1

Trying to capture the timestamp in this log event (for Splunk)

172.21.201.135 | http | o@1I0BTOx1063x3667295x0 | hkv | 2020-06-10 17:43:18,951 | "POST /rest/build-status/latest/commits/stats HTTP/1.1" | "http://bitbucket.my.com/projects/WF/repos/klp-libs/compare/commits" "Mozilla/5.0 (Windows NT 10.0; WOW64) AppleWebKit/537.36 (KHTML, like Gecko) Chrome/83.0.4103.97 Safari/537.36" | 200 | 345 | 431 | - | 5 | 3dk4qm | 

Using the setting TIME_PREFIX, Splunk software uses the specified regular expression to looks for a match before attempting to extract a timestamp.

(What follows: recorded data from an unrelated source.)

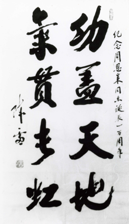 | 纪念周恩来同志逝世一周年,陈雷同志手书“功盖天地 气贯长虹” |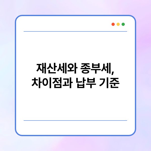 재산세와 종합부동산세는 세금 종류와 부과 목적에서 차이가 있습니다. 재산세는 지방세로, 지방 정부의 재정 수입을 위한 목적으로 부과됩니다. 반면, 종부세는 고가 자산에 대한 세금 부담을 강화하기 위해 국세로 부과됩니다. 이로 인해 두 세금의 부과 방식과 세액 산정 기준이 상이합니다. 이러한 차이는 세금 납부자가 알아야 할 중요한 요소입니다. 특히, 고가 부동산을 소유한 경우 두 세금 모두를 고려해야 합니다.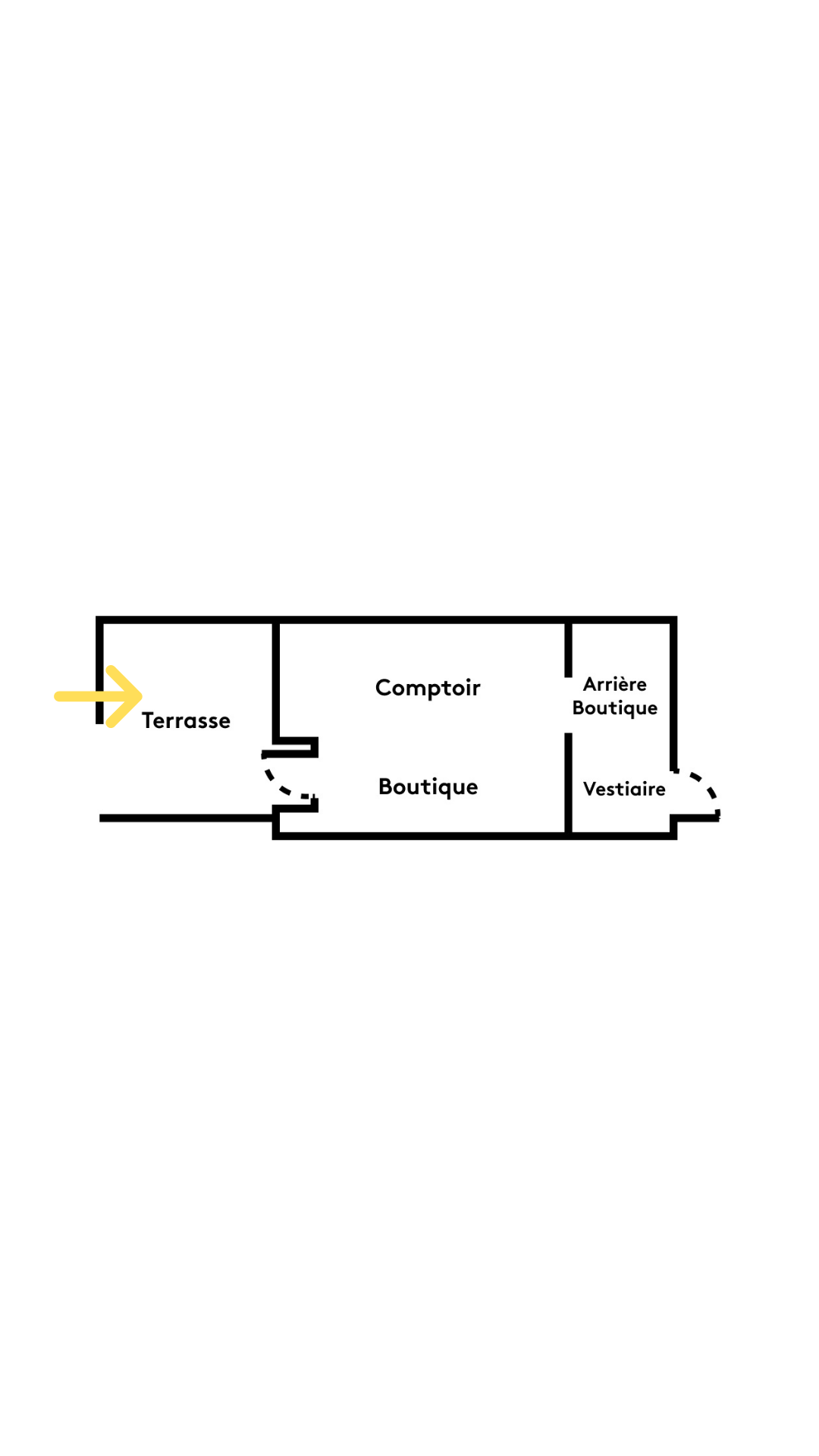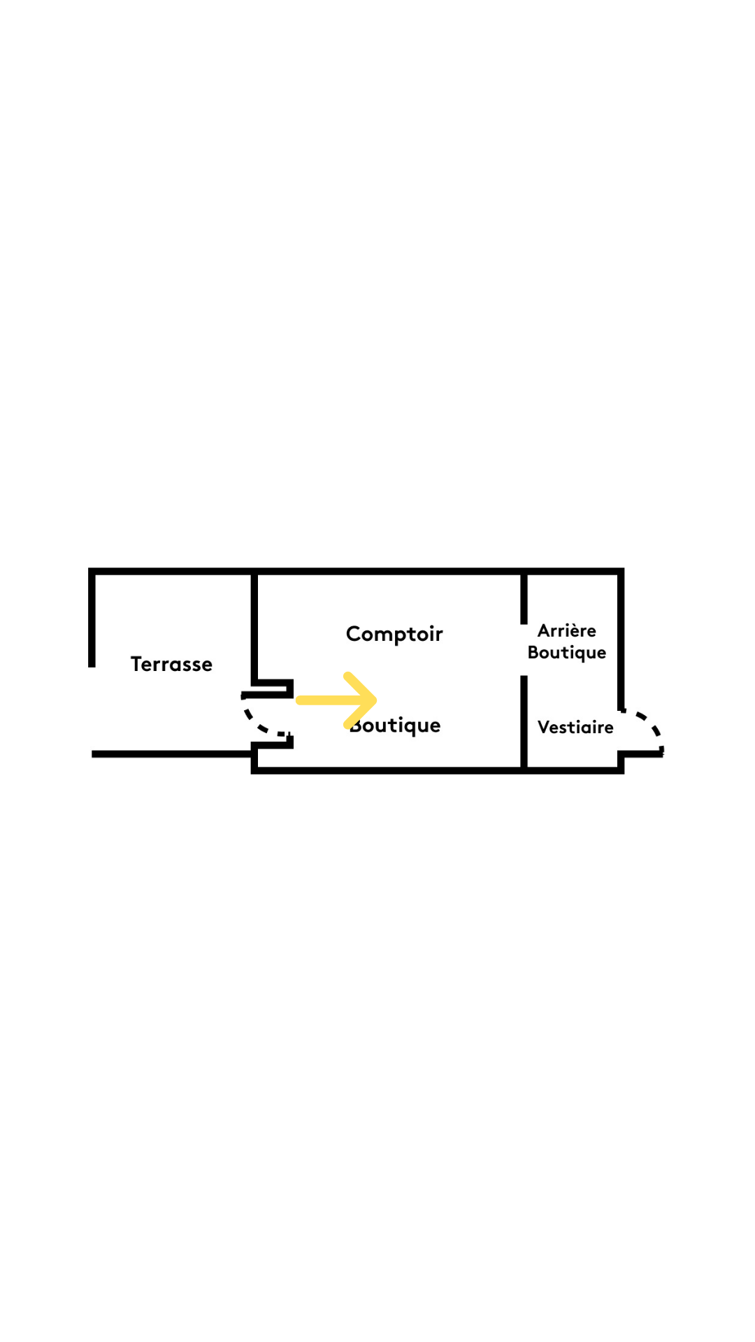 Une palette de couleurs restreinte mais audacieuse anime la rue avec son jaune lumineux et son rouge profond en fil conducteur.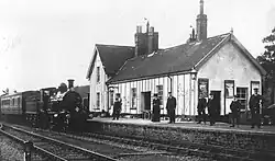 A passing loop was opened on 1 October 1873 and a wooden signal box with 13 levers built opposite the west end of the platform by the points to the loop. There was no room here for a platform to serve the new second track so it had to be built on the east side of the road bridge. This platform was unusually built in between the two lines but the back of the platform was fenced off so passengers could only board or leave westbound trains (those towards Barnstaple). The new platform was provided with a waiting shelter which incorporated a small booking office where tickets were sold for about eight minutes before trains were due to call.[3]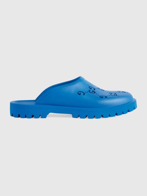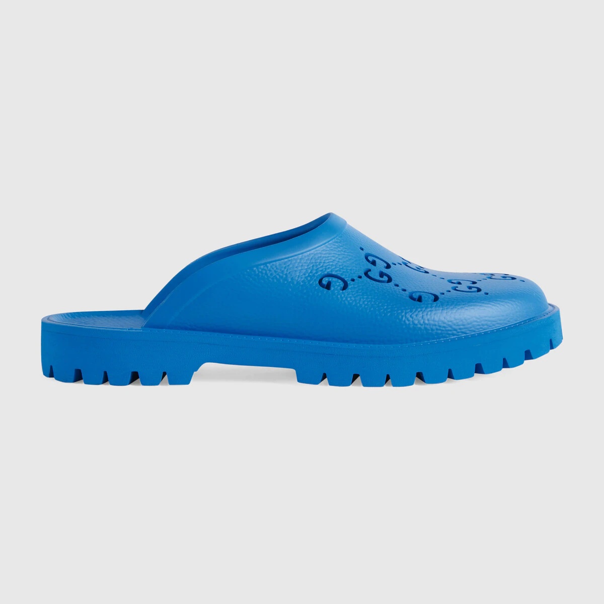 First used in the 1970s, the GG logo was an evolution of the original Gucci rhombi design from the 1930s, and from then it's been an established symbol of Gucci's heritage that evolves each season. Here, the monogram appears as a cut out motif atop these blue rubber sandals. - Bright blue perforated GG rubber - Men's - Rubber platform lug sole - Flat - Made in Italy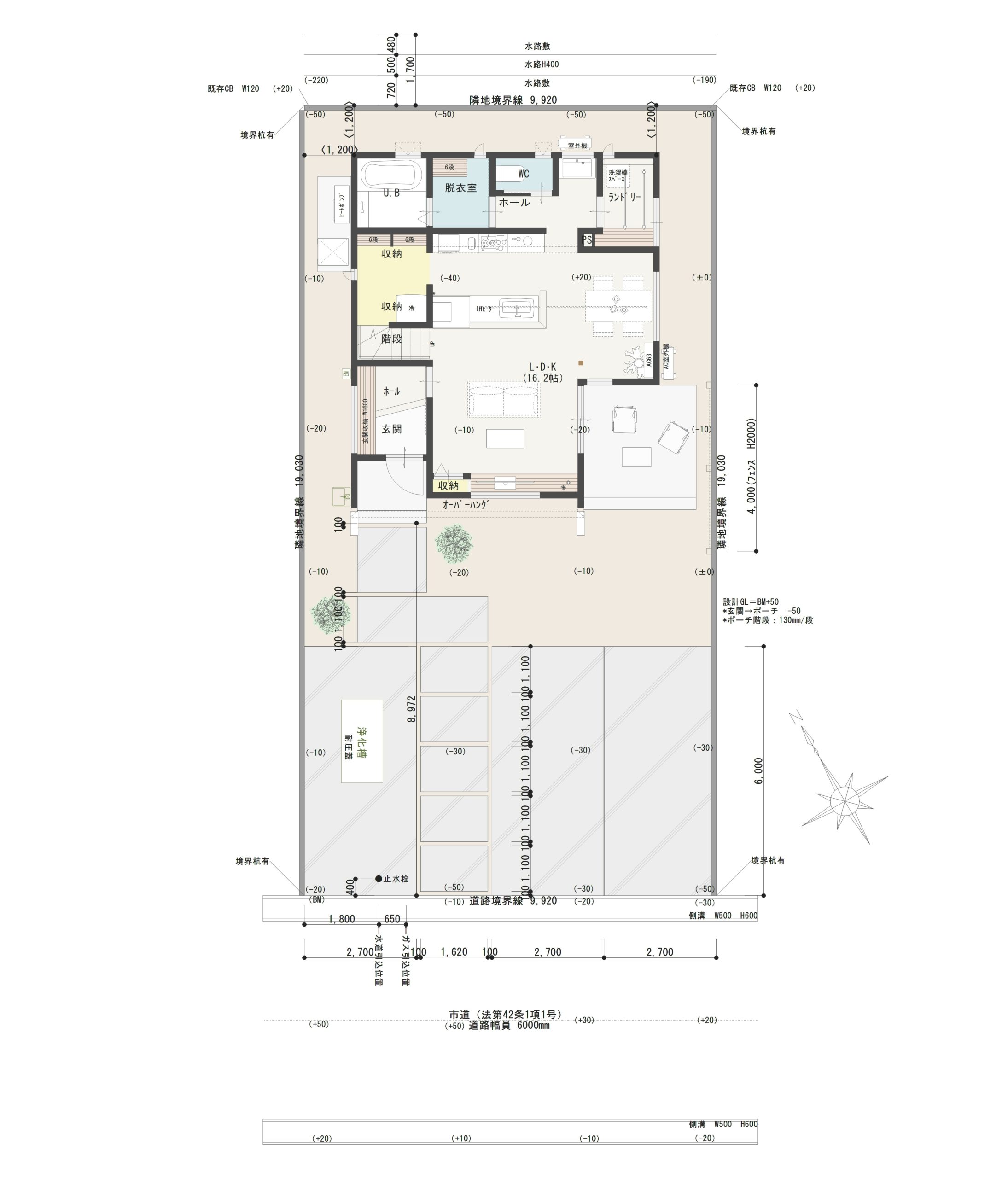 一直線の水回りとL字型のLDKで光を取り込む間取り。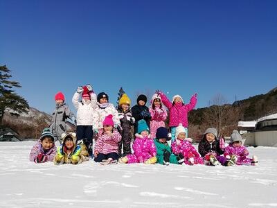 かた雪となった広いグランドで、走ったり転がったり、高い雪山から滑り降りたりしました。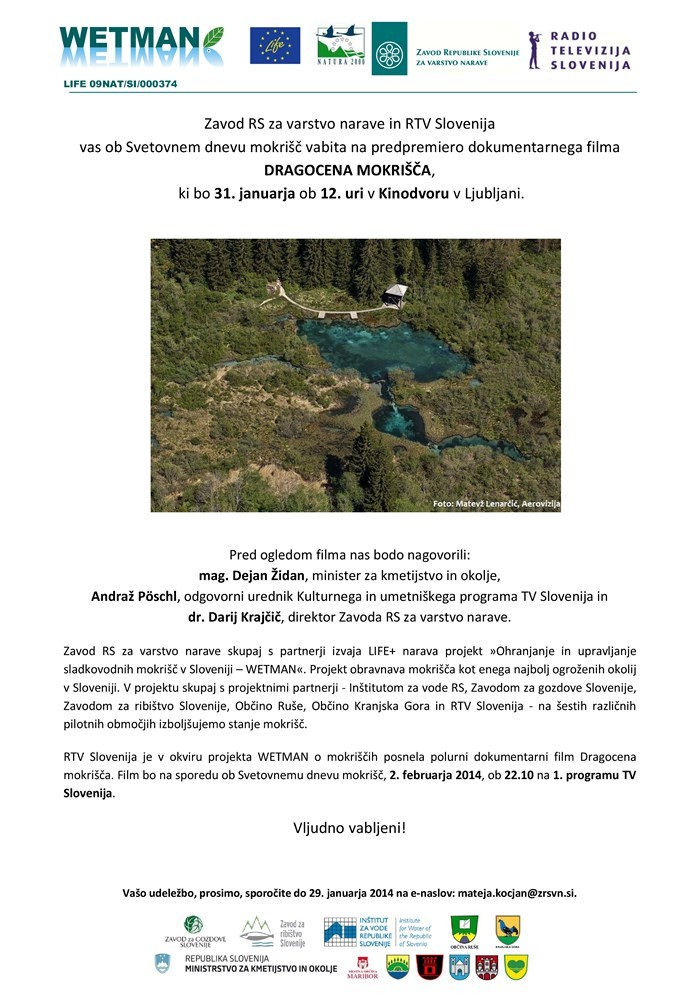 Pred ogledom filma nas bodo nagovorili: mag. Dejan Židan, minister za kmetijstvo in okolje, Andraž Pöschl, odgovorni urednik Kulturnega in umetniškega programa TV Slovenija in dr. Darij Krajčič, direktor Zavoda RS za varstvo narave. Zavod RS za varstvo narave skupaj s partnerji izvaja LIFE+ narava projekt »Ohranjanje in upravljanje sladkovodnih mokrišč v Sloveniji - WETMAN«. Projekt obravnava mokrišča kot enega najbolj ogroženih okolij v Sloveniji. V projektu skupaj s projektnimi partnerji - Inštitutom za vode RS, Zavodom za gozdove Slovenije, Zavodom za ribištvo Slovenije, Občino Ruše, Občino Kranjska Gora in RTV Slovenija - na šestih različnih pilotnih območjih izboljšujemo stanje mokrišč. RTV Slovenija je v okviru projekta WETMAN o mokriščih posnela polurni dokumentarni film Dragocena mokrišča.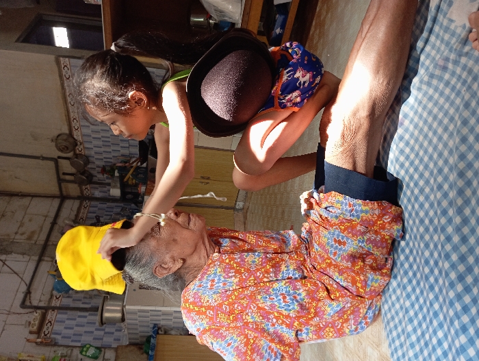 - "A young girl places a yellow hat on the head of an elderly woman who is seated and wearing an orange and blue floral shirt" by FM-TnUEx2, licensed under CC BY 4.0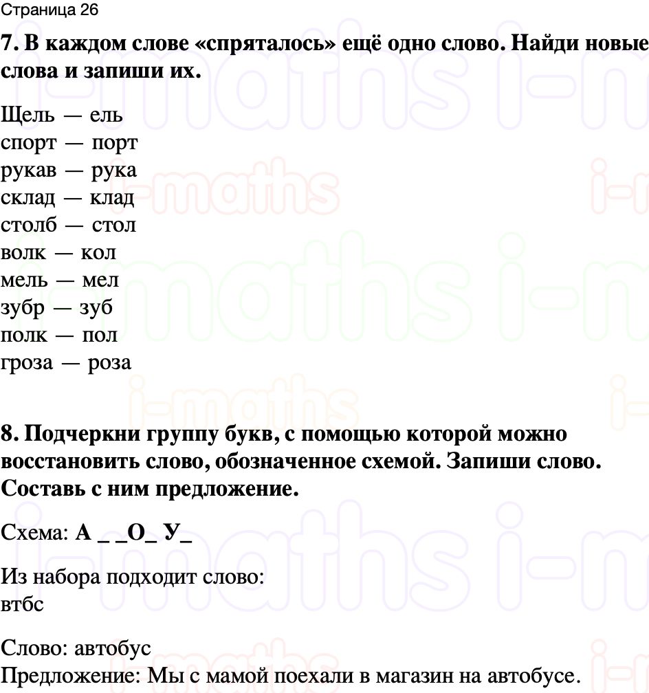 7. В каждом слове «спряталось» ещё одно слово. Найди новые слова и запиши их.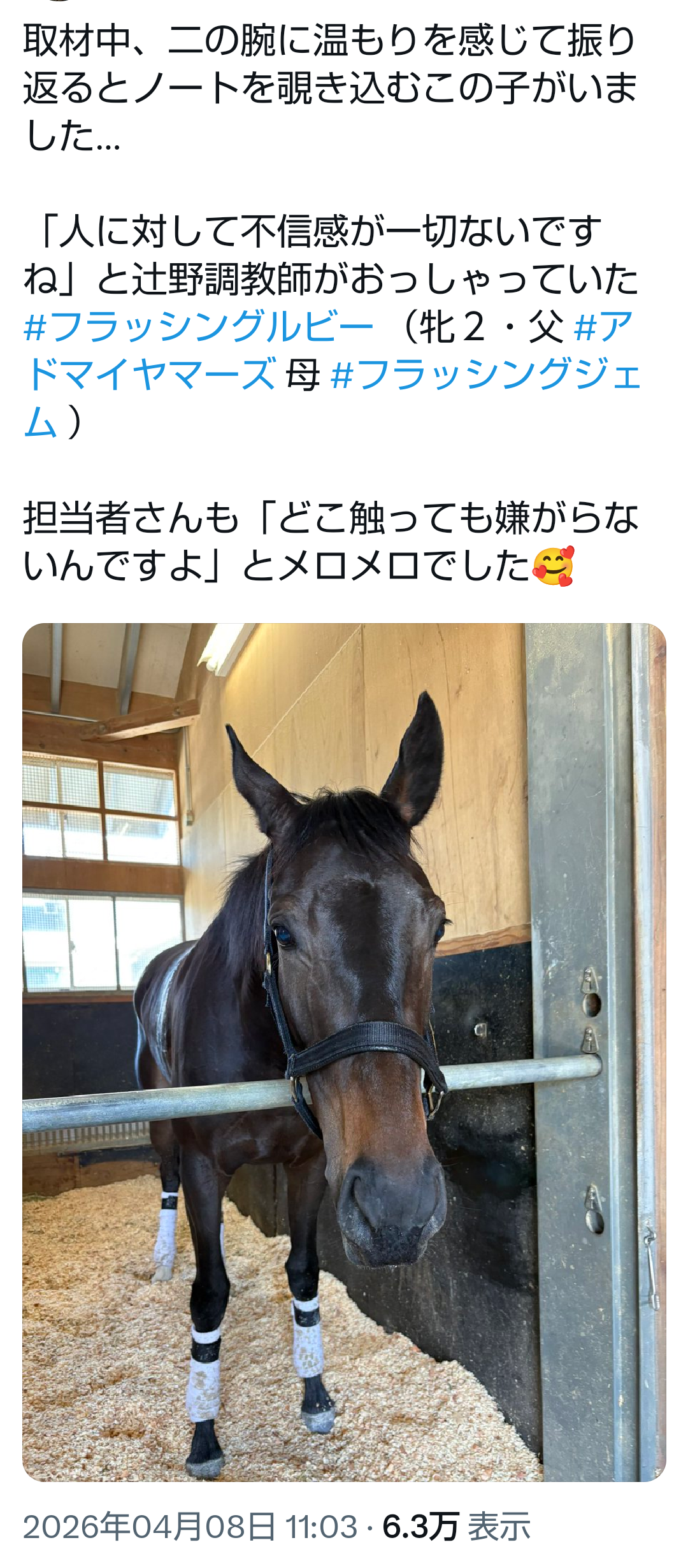 | … | 23無念Nameとしあき26/04/09(木)10:26:39No.1399584405そうだねx7今月いっぱいで騎手を引退することを決意致しました。 |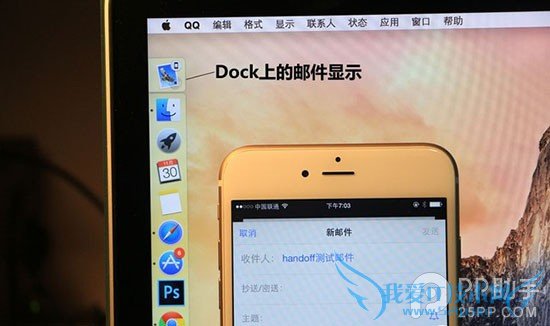 为了验证Handoff已经能够正常使用,我在iPhone6 Plus上登陆了邮件进行测试,当我在手机上新建一封邮件后,又最小化到后台运行,这个时候,我终于看到我的MBP上的Dock栏上新增了一栏显示Handoff连接的邮件应用:“邮件——来自**的iPhone”。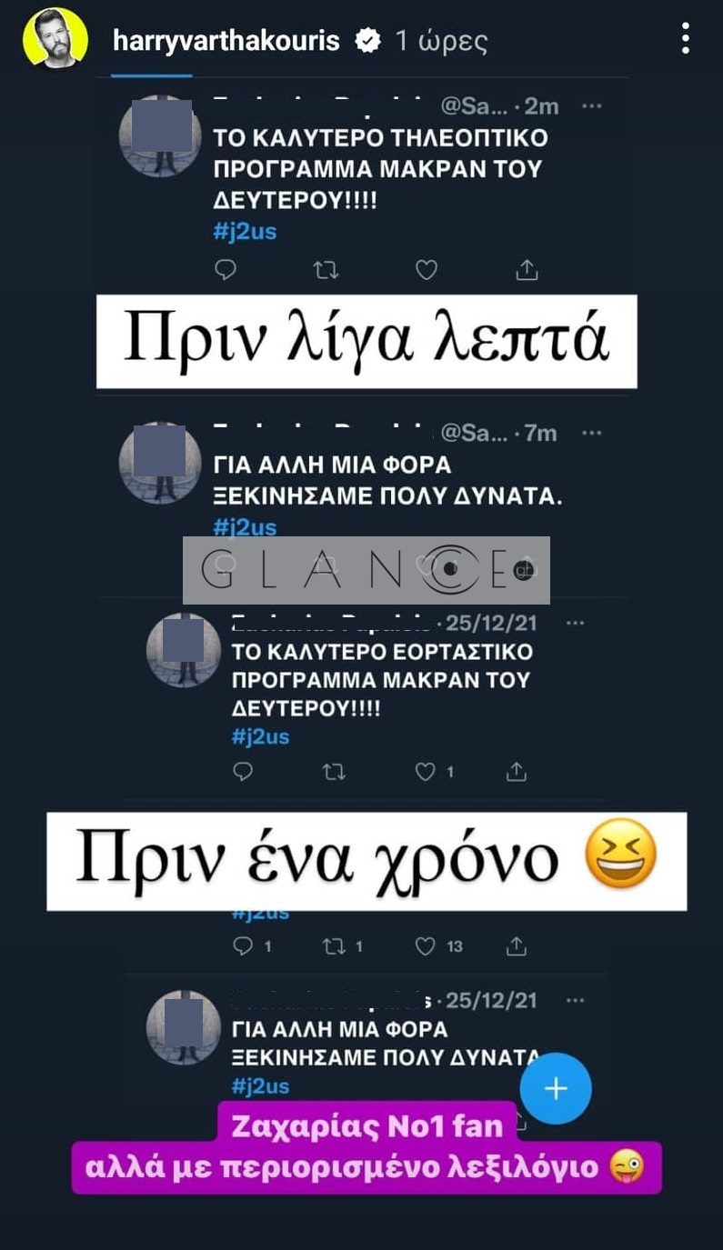 «Ζαχαρίας Νο1 fan αλλά με περιορισμένο λεξιλόγιο», σχολίασε ακόμα με χιούμορ ο Χάρης Βαρθακούρης.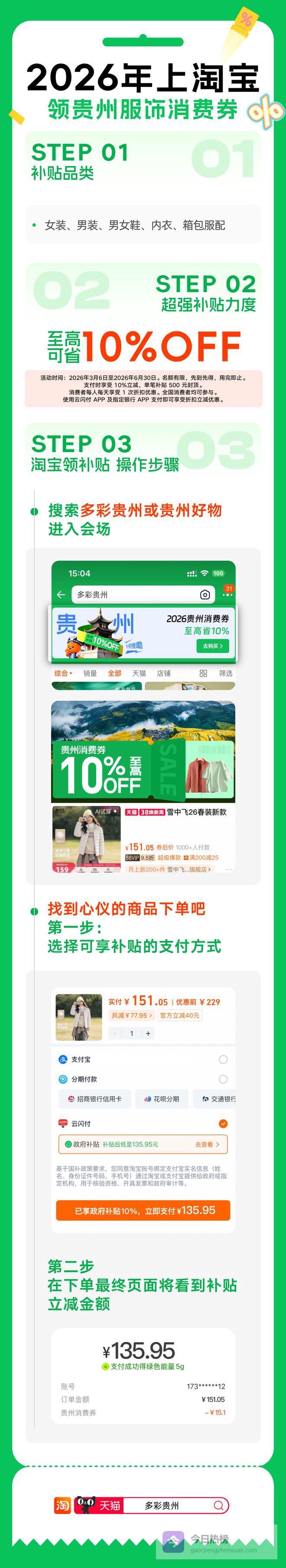 活动期间,省内外消费者在淘宝平台搜索“多彩贵州”或“贵州好物”,即可进入“2026年贵州省线上服饰商品促销专区”选购商品,提交订单支付时使用云闪付APP或银行APP支付可享受政府补贴9折优惠,即支付时享受10%立减,单笔补贴500元封顶。消费者每人每天享受1次折扣优惠,订单取消发生全额退款时,退回资金可继续使用。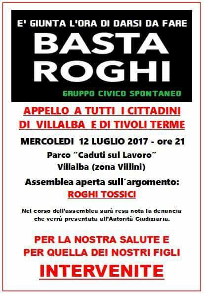 I cittadini di Tivoli e Villalba sono infatti invitati a partecipare all’assemblea aperta sui roghi tossici. Il pubblico dibattito si terrà mercoledì 12 luglio 2017, alle ore 21:00, presso il parco Caduti sul lavoro di Villalba (zona Villini). Durante l’assemblea sarà resa nota anche la denuncia che verrà presentata all’Autorità giudiziaria. Di seguito, il manifesto ufficiale dell’evento, credo dal gruppo civico spontaneo.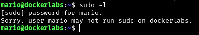No vemos archivos relevantes, y al parecer el usuario mario no tiene permisos para usar sudo…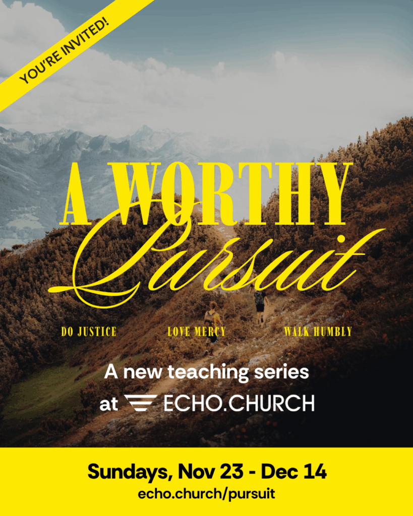 You’re invited to A Worthy Pursuit at Echo.Church, a new teaching to discover how even small acts of creativity, kindness, and courage ripple into eternity, Check out echo.church/worthypursuit for locations and times, or feel free to DM me with any questions. Hope you’ll join me!

TIME_PREFIX = <regular expression>  

Default behaviour would be for Splunk to try to get the timestamp from the start of the line, but that is an IP-adress, therefore the need for the regex to match four pipes which is the ...time_prefix.

By using the following regex

(?:[^\|]*(\|)){4}

I want the regex to match on the fourth occurence of the '|', and then stop, non-greedy I guess.

rhellem
  • 639
  • 1
  • 9
  • 20
  • 1
    You need `^(?:[^|]*\|){4}(?[^|]*)`, I believe. See [regex demo](https://regex101.com/r/2CHkE6/2). Or. `^(?:[^|]*\|){4}\s*(?[^|]*[^|\s])` – Wiktor Stribiżew Jun 10 '20 at 16:58
  • Please try it and let know if it works for you – Wiktor Stribiżew Jun 10 '20 at 17:13
  • The first one will match the timestamp, that I do no need, I only need it to stop on the fourth occurence of the pipe, not capture. But - it might be that I actually do not need the regex to stop, checking now if Splunk got what it needed. – rhellem Jun 10 '20 at 17:16
  • what exactly do you want to extract? you said you want to capture the timestamp in your question, yet in your comment, you say you do not need it – Chase Jun 10 '20 at 17:18
  • Question updated. For understanding regex purpose I still would like to know if it possible to stop matching after the first match, but for my actual problem related to Splunk, it might actually be good enough... – rhellem Jun 10 '20 at 17:18
  • what does it mean for the regex to "stop". What's the point of the regex stopping if you don't want to capture anything? Do you want to extract everything before the 4th `|`? – Chase Jun 10 '20 at 17:19
  • 1
    Then `^(?:[^|]*\|){4}\s*` will do. – Wiktor Stribiżew Jun 10 '20 at 17:26

1 Answers1

1

There are two things to consider:

  • Anchor the pattern at the start of the string, else, the environment may trigger a regex search at every position inside the string, and you may get many more matches than you expect

  • When you do not need to create captures, i.e. when you needn't save part of the regex match to a separate memory buffer (in Splunk, the is equal to creating a separate field), you should use a non-capturing group rather than a capturing one when grouping a sequence of patterns.

Thus, you need

^(?:[^|]*\|){4}\s*

See the regex demo showing the match extends to the datetime substring without matching it.

Details

  • ^ - start of string anchor
  • (?:[^|]*\|){4} - a non-capturing group ((?:...)) that matches four repetitions ({4}) of any 0 or more chars other than | ([^|]*) and then a | char (\|)
  • \s* - 0 or more whitespaces.
Wiktor Stribiżew
  • 484,719
  • 26
  • 302
  • 397